Three cheers for Cisco Systems. Let's whoop it up for Microsoft. Go Intel, go Sun, go Dell. If you're invested in the U.S. stock market at all, you had better join the cheering section for the entire technology sector. Even if you don't own a single tech share because you believe the stocks are overpriced, pray for tech. Your financial future depends on what happens to those stocks.

We're all tech investors now. At the end of the third quarter, the 65 technology stocks in the Standard & Poor's 500-stock index accounted for a shade under 25% of the index' market capitalization, compared with 19% in December and a mere 7% in 1992. (chart).

If you are one of the millions of investors who have sunk some $750 billion into S&P index funds, either directly or through a 401(k) plan, one out of every four of your dollars is now in tech stocks.

BULGING SECTOR. Technology stocks surged from 21% to 25% during the third quarter. That's because tech made gains of 4.4% while other sectors lost ground. If not for tech stocks, notes portfolio strategist Leah Modigliani of Morgan Stanley Dean Witter, the S&P would have been down 9% during the quarter and down 1% year to date. With tech's contribution, the quarterly loss was 6.6%, and 1999 performance remained positive at 5.3%.
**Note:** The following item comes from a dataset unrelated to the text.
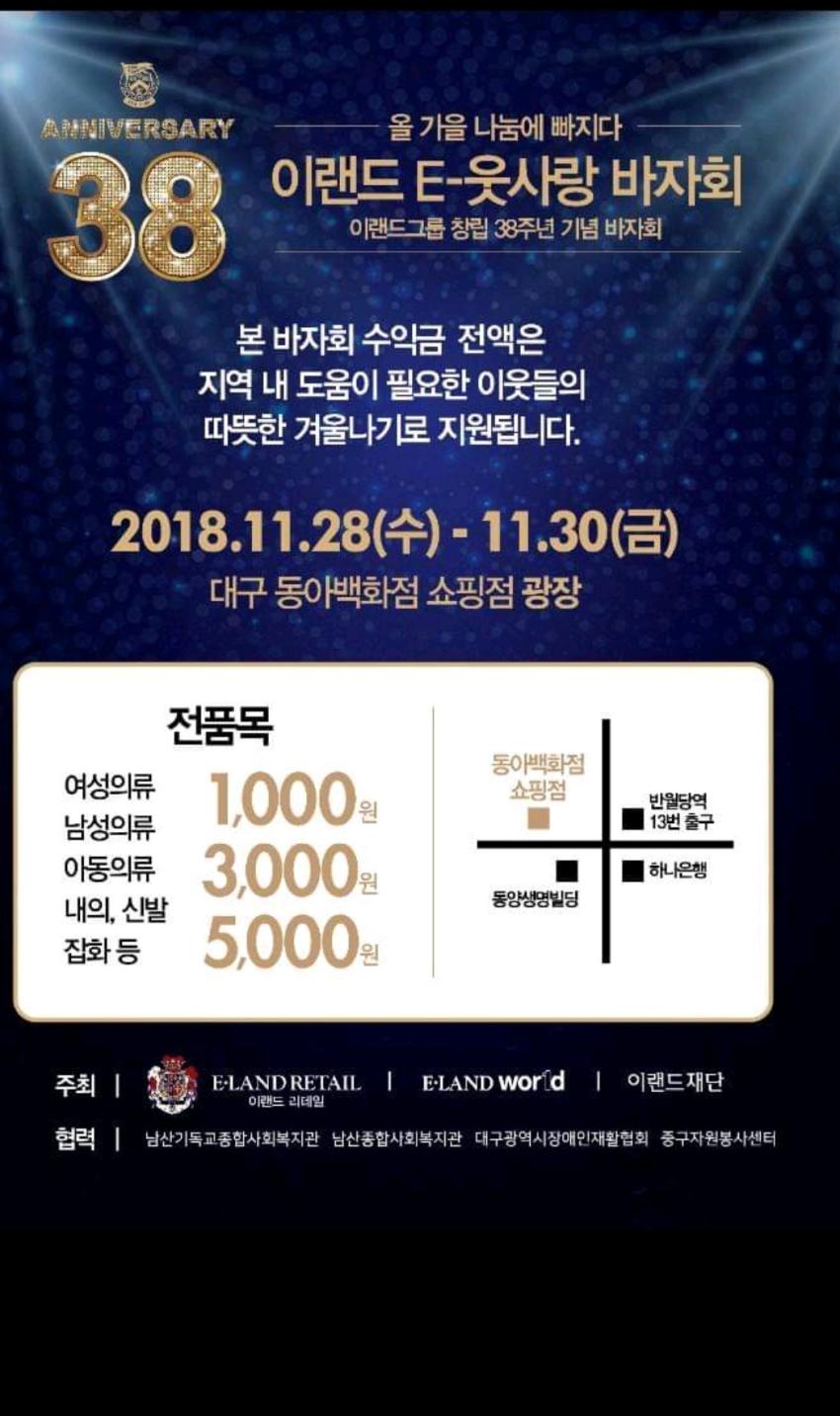 이랜드 E-웃사랑 바자회 이랜드그륩 창립 38주년을 기념하여 남산기독교종합사회복지관, 남산종합사회복지관, 대구광역시장애인재활협회, 중구자원봉사센터와 협력하여 11월 28일(수) ~ 11월 30일(금) 11시 30분 ~ 16시까지 대구 동아백화점 쇼핑점 광장에서 바자회가 개최됩니다. 본 바자회의 수익금 전액은 지역 내 도움이 필요한 이웃들의 따뜻한 겨울나기로 지원되오니 많은 참석 부탁드립니다~ |

This tech bulge is not just a quirk of the S&P. The Russell 1000, a broader large-cap index, is 21.5% tech, too. And just about any U.S. diversified mutual fund that's making tracks these days is fueled by tech stocks as well.

One explanation for most funds' sluggish results is that they haven't invested enough in technology. "If tech is 25% of the market and you're underweighted in tech, it will take extraordinary stock picking to beat the S&P," says Thomas D. Stevens, chief investment officer for Wilshire Asset Management.
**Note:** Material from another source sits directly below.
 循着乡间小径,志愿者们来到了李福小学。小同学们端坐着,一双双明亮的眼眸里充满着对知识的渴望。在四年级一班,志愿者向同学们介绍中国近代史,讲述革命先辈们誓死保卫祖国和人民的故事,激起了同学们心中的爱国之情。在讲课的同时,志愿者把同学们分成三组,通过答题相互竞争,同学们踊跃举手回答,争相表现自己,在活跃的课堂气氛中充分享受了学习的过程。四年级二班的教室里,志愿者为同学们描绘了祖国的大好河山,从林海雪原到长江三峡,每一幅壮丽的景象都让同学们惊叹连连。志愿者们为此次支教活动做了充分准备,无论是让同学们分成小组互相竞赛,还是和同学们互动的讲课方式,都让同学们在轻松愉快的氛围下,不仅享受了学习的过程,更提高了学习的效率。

There is a downside to the market's dependence on tech stocks. They are more volatile, and contribute to sharp swings in the market that unnerve investors. Moreover, while tech companies account for one-quarter of the market cap, they contribute only 12.6% of operating earnings. So if one big tech player disappoints at profit time, the bad news reverberates over a large swath of the market. After the market closed on Oct. 12, Intel reported profits came in a few cents per share shy of expectations. That helped send the S&P down 2.1% the next day.

History shows any one sector cannot maintain its dominance forever. Energy peaked at 30% of the S&P in 1980, and it's now 6.3%. And consumer staples jumped to over 20% in the early 1990s, but they're only half of that today.

Commentary: We're All Tech Investors Now

Still, there's a powerful case to be made that tech will rule for years. Investment strategist Jeffrey M. Applegate of Lehman Brothers urges clients to overweight technology in their funds because the companies are the principal beneficiaries of a powerful macroeconomic trend: the substitution of capital for labor. Driven by the falling cost of technology, capital-goods prices are declining at a 4% annual rate while labor costs are increasing by 3%. Says Applegate: "If these aren't the growth stocks of our era, I don't know what are."

And whether or not you invest in these companies, it's hard to imagine that the 75% of the market that's not technology would remain healthy if these stocks got sick. Let's go, tech.